Я поднимаю бровь, но ничего не говорю.
— В любом случае, делай, что хочешь, но не забывай, кто такой Акира Мори. Может быть, он и новичок в Штатах, но на международном уровне он нечто совершенно иное. Семья Мори очень влиятельна внутри страны. Не только из-за их родословной, но и потому, что они имеют прямые отношения с императором Японии и другими бизнес-магнатами по всей Азии. И давай не будем забывать о его недавнем состоянии в виде черных бриллиантов, о котором я тебе рассказывал.
Мне плевать на его силу. Либо он отпустит Наоми, либо мы оба умрем, пытаясь освободить ее от него.
Дверь моего кабинета открывается, и входит мой дядя, его суровый взгляд осматривает сцену перед ним.
Дэниел ухмыляется. — Нейт!

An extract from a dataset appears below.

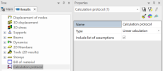The linear calculation protocol contains, among other results, a summary table of modal superposition for each seismic load case.
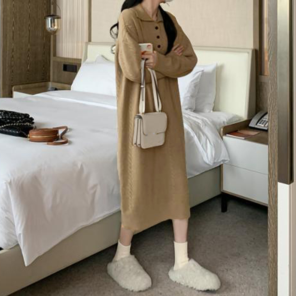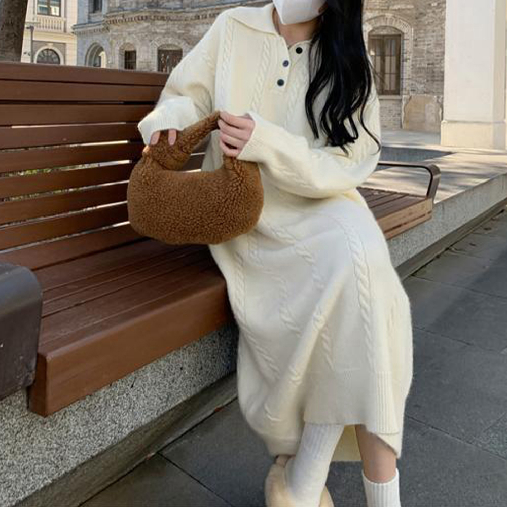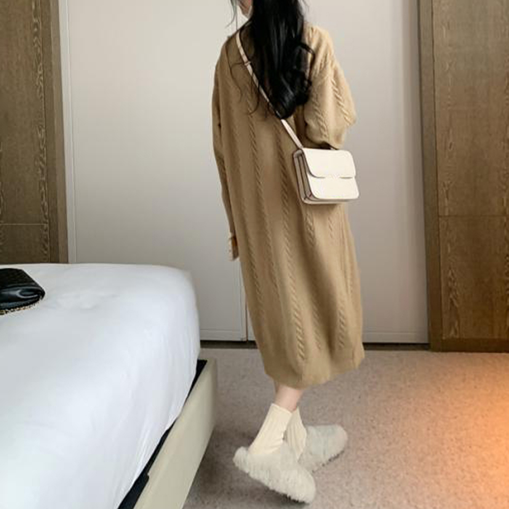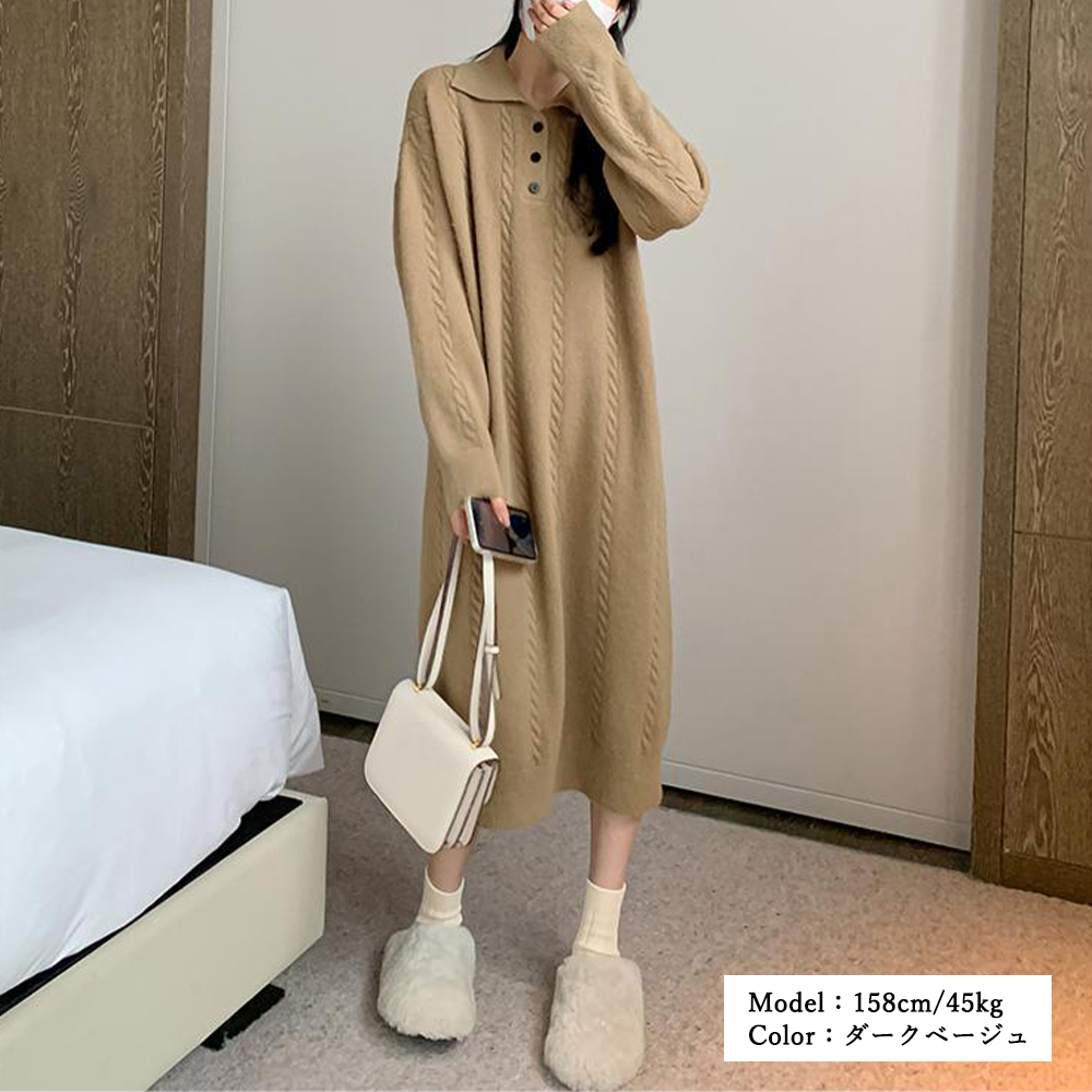 ふんわりとした心地よい肌触りが魅力のケーブル編みロングワンピース。

Я как раз говорил Себастьяну, что ты мой любимый босс.
— Прибереги целование задницы для Ван Дорена, Стерлинг.
— Спасибо, что вложил этот странный образ в мою голову, — Дэниел корчит рожу и указывает на меня. — Я устрою тебе лучшие похороны, когда тебя убьют, принц-Уивер. А потом я заберу твоих стажеров.

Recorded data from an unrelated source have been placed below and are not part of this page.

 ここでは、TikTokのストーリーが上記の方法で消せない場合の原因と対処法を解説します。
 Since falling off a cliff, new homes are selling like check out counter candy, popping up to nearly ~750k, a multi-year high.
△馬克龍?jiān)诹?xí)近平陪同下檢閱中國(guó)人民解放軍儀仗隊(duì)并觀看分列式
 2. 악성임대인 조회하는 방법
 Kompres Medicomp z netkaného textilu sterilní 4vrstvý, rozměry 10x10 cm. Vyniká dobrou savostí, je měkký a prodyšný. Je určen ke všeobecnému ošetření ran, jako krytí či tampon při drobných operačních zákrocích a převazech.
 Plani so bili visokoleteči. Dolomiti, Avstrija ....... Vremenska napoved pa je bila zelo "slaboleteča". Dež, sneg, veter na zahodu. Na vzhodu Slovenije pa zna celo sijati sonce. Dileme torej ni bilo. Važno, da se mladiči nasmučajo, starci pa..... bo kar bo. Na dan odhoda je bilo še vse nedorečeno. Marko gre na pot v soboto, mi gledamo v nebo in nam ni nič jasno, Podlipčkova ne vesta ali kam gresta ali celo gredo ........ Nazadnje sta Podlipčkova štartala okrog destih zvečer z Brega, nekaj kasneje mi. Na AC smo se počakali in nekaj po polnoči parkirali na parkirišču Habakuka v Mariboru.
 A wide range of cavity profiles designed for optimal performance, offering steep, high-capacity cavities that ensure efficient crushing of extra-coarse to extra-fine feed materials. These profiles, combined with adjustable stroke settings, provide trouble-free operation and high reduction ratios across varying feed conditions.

Он уходит со злобным смехом, на который я качаю головой и падаю в кресло за своим столом.
Мой дядя не садится. Вместо этого он просто кладет руку в карман, внимательно наблюдая за мной.
— В чем дело, Нейт?
— Мне сказали, что ты пришел на работу, когда все еще должен быть на больничном.
— Я в порядке.
— Сдохни где-нибудь в другом месте, а не в моей фирме, негодяй.
— Ты получишь от этого хорошую прессу.
— Нет, если причиной смерти является истощение, — он прищуривается, глядя на меня. — Что ты задумал?

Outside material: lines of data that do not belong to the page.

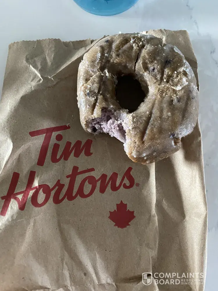 I purchased a steeped tea and two blueberry glazed donuts. One for myself and one for my friend. We drove home with our tea and donuts. Upon getting home I pulled one donut out of the bag and proceeded to eat it. Then I took second donut out to give to her and it looked like someone took a bite out of the donut. We were both in shock and disgust as I had...
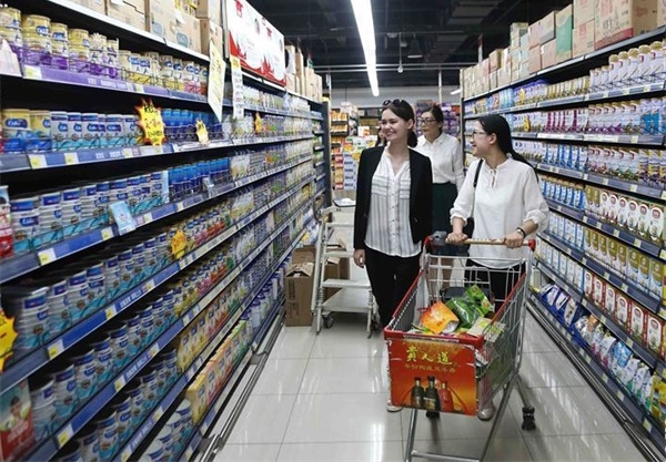 5月12日,在山東省臨沂經濟技術開發區東方購物超市,瑪麗娜(左一)與同事劉相艷(右一)一起購物。來自烏克蘭的瑪麗娜于2014年來到山東省臨沂市拓普網絡股份有限公司工作。
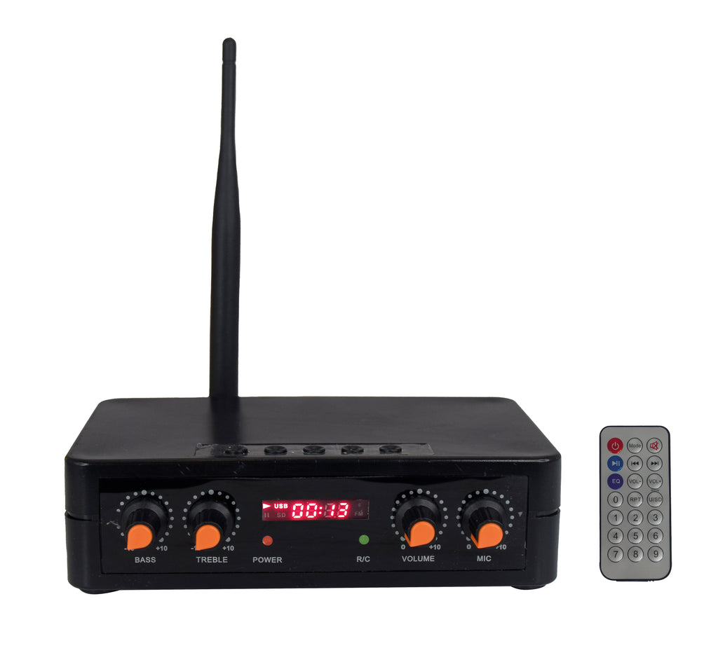 Trasmettitore in grado di funzionare in abbinamento a diffusori FRD SPK1, FRD SPK2 e FRD SPK3.Si abbina ai diffusori in pochi secondi ed è subito in grado di inviare musica proveniente da chiavette USB, Bluetooth, radio FM o da un microfono/segnale di linea esterno.E' alimentato da un piccolo trasformatore e dotato di telecomando per il controllo a distanza. Alzando il volume, si aumenterà contemporaneamente il volume di tutti i diffusori collegati rendendo estremamente facile l'utilizzo in ogni contesto.
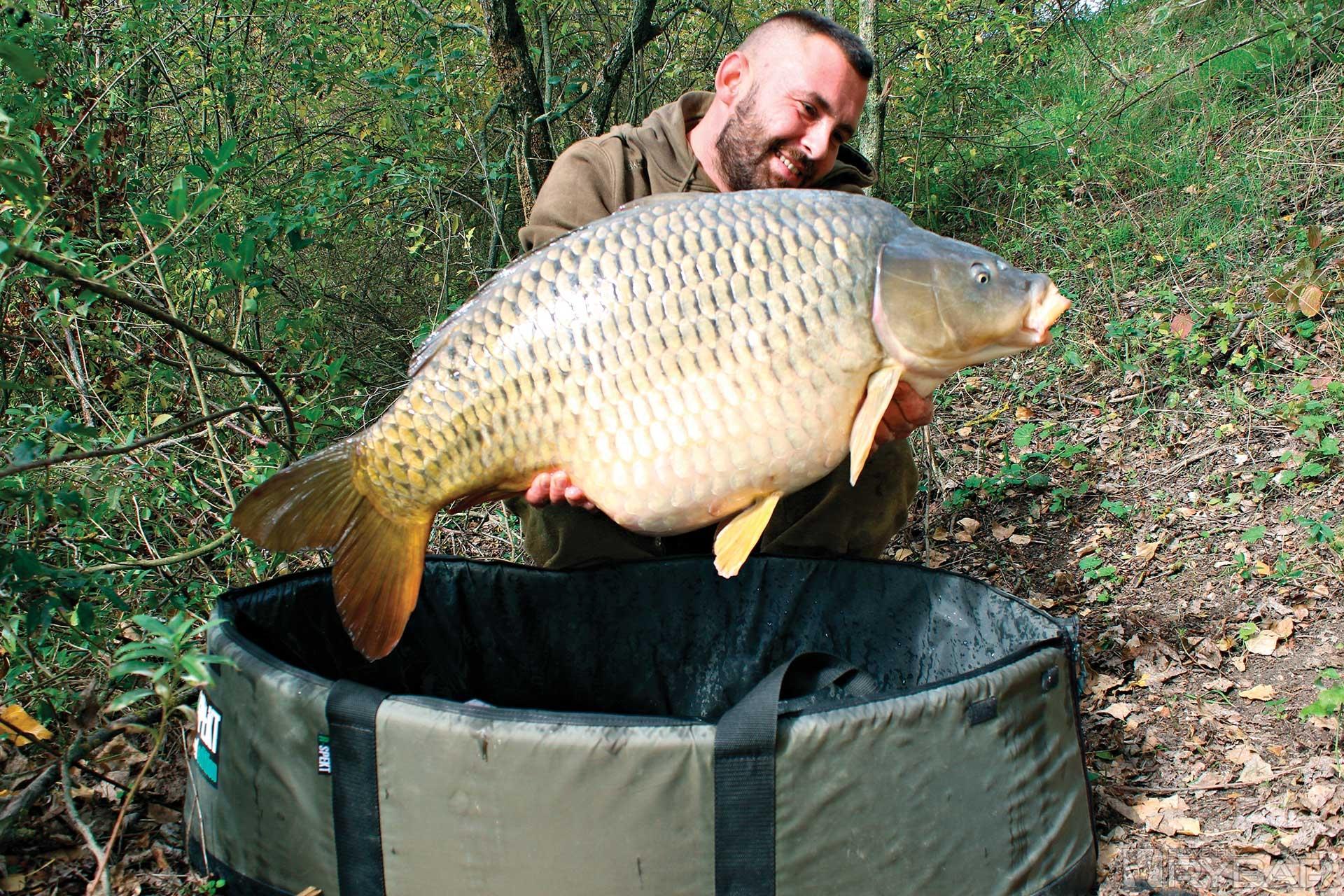Prišiel deň voľna. Pamätám si to ako teraz: vyprevadil som ženu do práce, vonku panovalo krásne slnečné počasie a mne niečo v mojom vnútri hovorilo, že dnes to príde. Do auta som hodil statív, fotoaparát, trakker pva pouch, udice, hrazdy, podložku a neustále som myslel na to, čo táto taktika prinesie. Po príchode na miesto som si udice a montáže pripravil nad lovným miestom a potichučky ako v hrobe som svoje montáže poslal na prvýkrát presne tam, kam som chcel. Na jednom prúte Kill‑Krill 24 mm a na druhom Extasy 24 mm v dipe. V tento deň už som nekŕmil, len som sa vzdialil od udíc a potichučky čakal. Asi po 1,5 hodine som si uvaril kávu a ako som ju sŕkal do seba, rovno na mojom lovnom mieste sa treskol o hladinu obrovský kapor. V tom momente som sa len usmial a povedal som si, mám ich tu. Blížil sa obed a v tráve som si hodil „šlofíka“, keď zrazu na pravom prúte zaznelo jemné pípnutie príposluchu. Srdce mi začalo búšiť ako o život a zrazu bum jazda ako hrom hore prúdom.
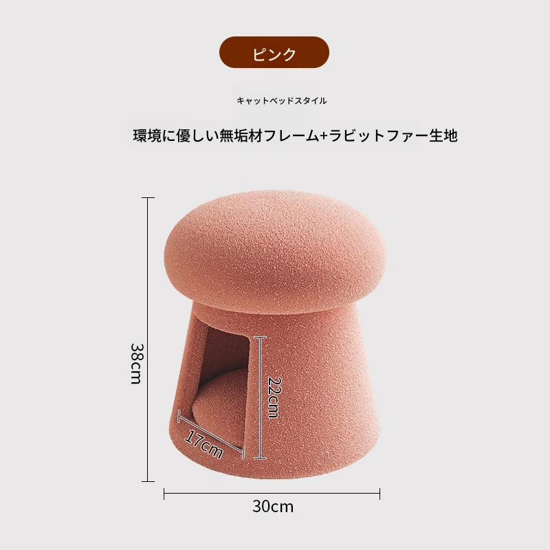 【ピンクの猫ベッド兼靴ベンチ】高密度ラムフリース+無垢材フレーム
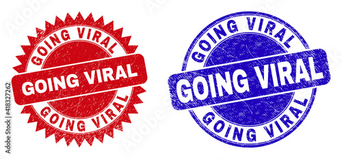 Round and rosette GOING VIRAL seal stamps. Flat vector distress seal stamps with GOING VIRAL title inside round and sharp rosette form, in red and blue colors. Imprints with unclean surface,
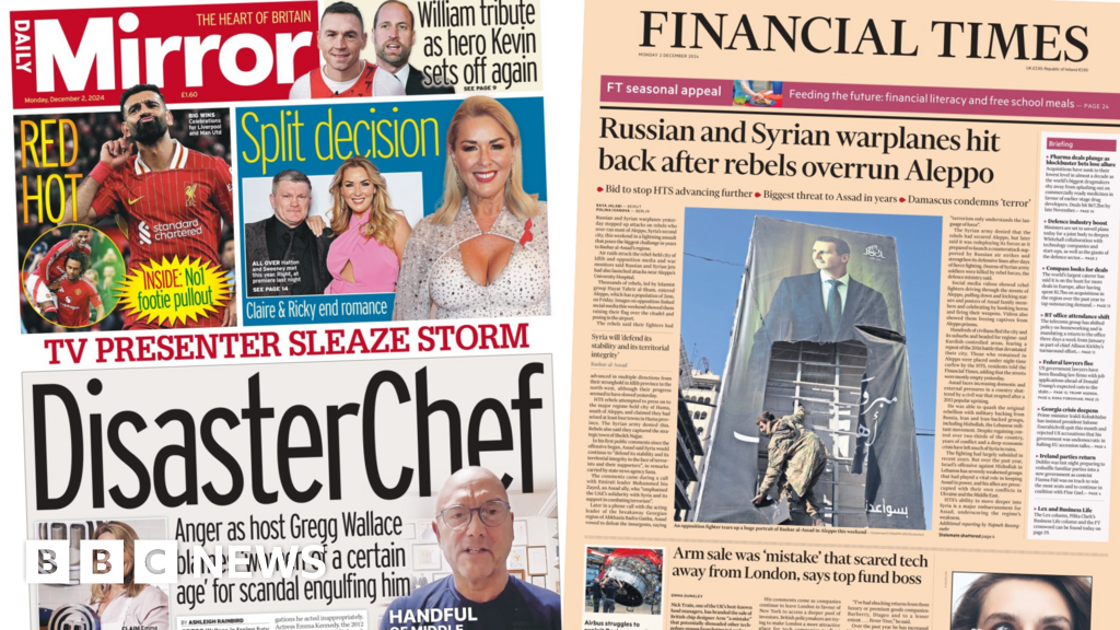 The Daily Telegraph, too, features Wallace’s outburst on its front page, as well as a political piece on the prime minister, whom it reports will “sideline his flagship pledge to make the UK the fastest growing economy in the G7”. Instead, the paper says, Sir Keir Starmer will reveal different economic targets “aimed at improving living standards”. Elsewhere on the Telegraph’s front page is a report on Syrian President Bashar al-Assad vowing to “crush a rebel uprising” that took control of the city of Aleppo.

— Много дел и ничего одновременно.
— Дай угадаю, это как-то связано с Наоми?
Все было связано с Наоми с того самого дня, как я согласился на это гребаное пари. Я боролся с этим на протяжении долгого времени, но это не меняет того места, которое она сейчас занимает в моей жизни.
Или что она должна была быть там семь гребаных лет назад.
Нейт воспринимает мое молчание как подтверждение и вздыхает. — Я знал, что у тебя будут неприятности из-за нее в тот день, когда ты поцеловал ее по телевизору, не заботясь о том, увидят ли тебя мистер и миссис Уивер.
Я ухмыляюсь. — Помнишь, как миссис Уивер вцепилась в свой жемчуг? Бесценно.
— Ее реакция не делает тебя менее импульсивным. Или глупым.
— Глупость — это смириться с тем, что она ушла. Кроме того, вернуть то, что изначально принадлежало мне — это не импульсивно, дядя.
— Конечно, если ты потеряешь контроль над своей головой из-за этого.
— Ты так говоришь только потому, что никогда не любил кого-то так сильно, что быть в разлуке с ней — все равно что тонуть и гореть заживо одновременно. Ты никогда не бодрствовал всю ночь, глядя на гребаное небо с крохотной надеждой, что она тоже смотрит на него из другого уголка мира. Ты никогда не любил, и точка, дядя. Тебе уже почти за сорок, а ты все еще хладнокровный холостяк, остепенения не предвидится.